Puno, C.J., (Chairperson), Corona, Azcuna, and Garcia, JJ., concur.



[1] Penned by Associate Justice Romeo A. Brawner (retired, now Commissioner of the COMELEC) and concurred in by Associate Justice Remedios Salazar-Fernando and Associate Justice Rebecca De Guia-Salvador; rollo, pp. 42-49.

[2] Annex "C" of the Petition; id., p. 51.

[3] Id., pp. 53-57.

[4] Id., pp. 56-57.

[5] Id., pp. 72-73.

[6] Go v. Court of Appeals, G.R. No. 158922, May 28, 2004, 430 SCRA 358, citing Rizal Commercial Banking Corporation v. Alfa RTW Manufacturing Corporation, et al., 368 SCRA 611 (2001).

[7] Id., citing Alejandro Gabriel v. Spouses Mabanta, 399 SCRA 573 (2003).

[8] Fujitsu Computer Corporation of the Philippines v. Court of Appeals, G.R. No. 158232, March 31, 2005, 454 SCRA 737, citing Surigao del Norte Electric Cooperative v. National Labor Relations Commission, 309 SCRA 233 (1999).

[9] Id., citing Sulpicio Lines, Inc. v. Gulde, 377 SCRA 525 (2002).

[10] G.R. No. 140043, July 18, 2000, 336 SCRA 97, cited in Fujitsu Computer Corporation of the Philippines v. Court of Appeals, supra.

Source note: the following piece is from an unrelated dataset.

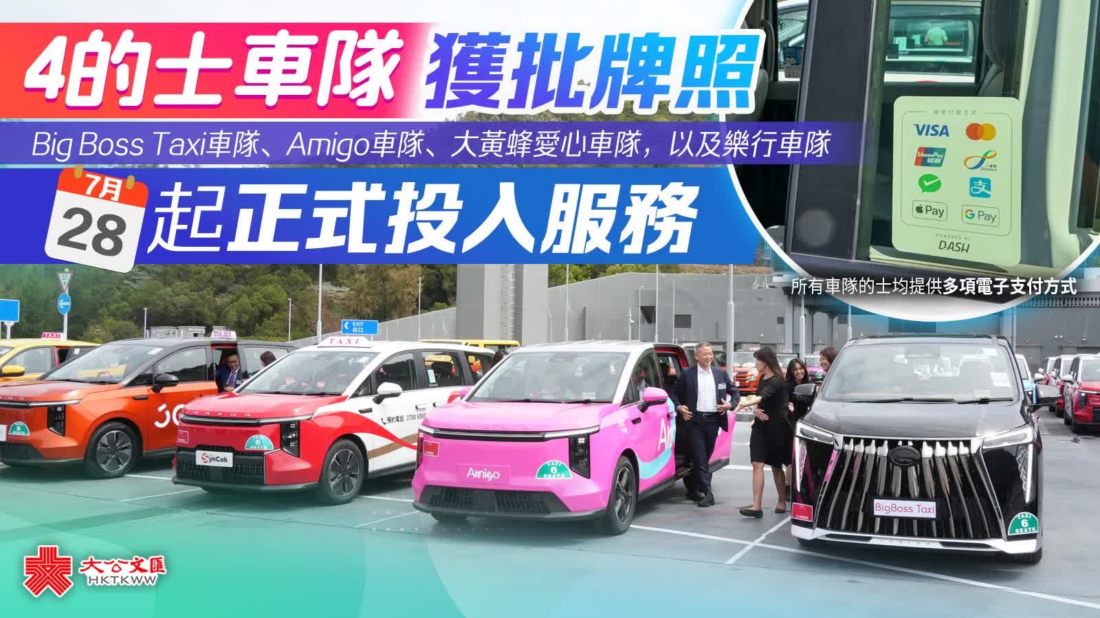 大公文匯全媒體報道,運輸署今日(28日)宣布,4支的士車隊獲發正式的士車隊牌照,為期5年,包括Big Boss Taxi車隊、Amigo車隊、大黃蜂愛心車隊,以及樂行車隊。4支車隊由今日起正式投入服務。

[11] EMCO Plywood Corporation v. Abelgas, G.R. No. 148532, April 14, 2004, 427 SCRA 496, citing Dosch v. National Labor Relations Commission, 123 SCRA 296 (1983), and Magtoto v. National Labor Relations Commission, 140 SCRA 58 (1985); Molave Tours Corporation v. National Labor Relations Commission, G.R. No. 112909, November 24, 1995, 250 SCRA 325, citing Intertrod Maritime, Inc. v. National Labor Relations Commission, 198 SCRA 318 (1991).

[12] Id., citing Valdez v. National Labor Relations Commission, 349 Phil. 760 (1998), Santos v. National Labor Relations Commission, 166 SCRA 759 (1988), Hua Bee Shirt Factory v. National Labor Relations Commission, 186 SCRA 586 (1990), and Dagupan Bus Company, Inc. v. National Labor Relations Commission, 191 SCRA 328 (1990).

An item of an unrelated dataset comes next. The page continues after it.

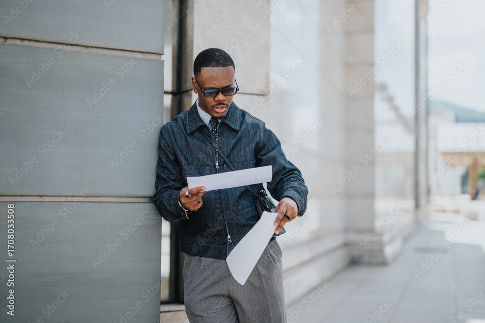 A young businessperson stands by a wall, reviewing documents with focus. The setting appears to be urban, emphasizing professionalism and work-focused activities.

[13] Philippines Employ Services and Resources, Inc. v. Paramio, G.R. No. 144786, April 15, 2004, 427 SCRA 732, citing Hyatt Taxi Services, Inc. v. Catinoy, 359 SCRA 686 (2001).

[14] Id., citing Globe Telecom, Inc. v. Florendo-Flores, 490 SCRA 210 (2002); Mobil Protective & Detective Agency v. Ompad, G.R. No. 159195, May 9, 2005, 458 SCRA 308, citing R.P. Dinglasan Construction, Inc. v. Atienza, 433 SCRA 263 (2003).

[15] Hodieng Concrete Products v. Emilia, G.R. No. 149180, February 14, 2005, 451 SCRA 249, citing Bolinao Security and Investigation Service, Inc. v. Toston, 421 SCRA 406 (2004), Jardine Davies, Inc. v. NLRC, 311 SCRA 289 (1999), and Lopez v. NLRC, 297 SCRA 508 (1998).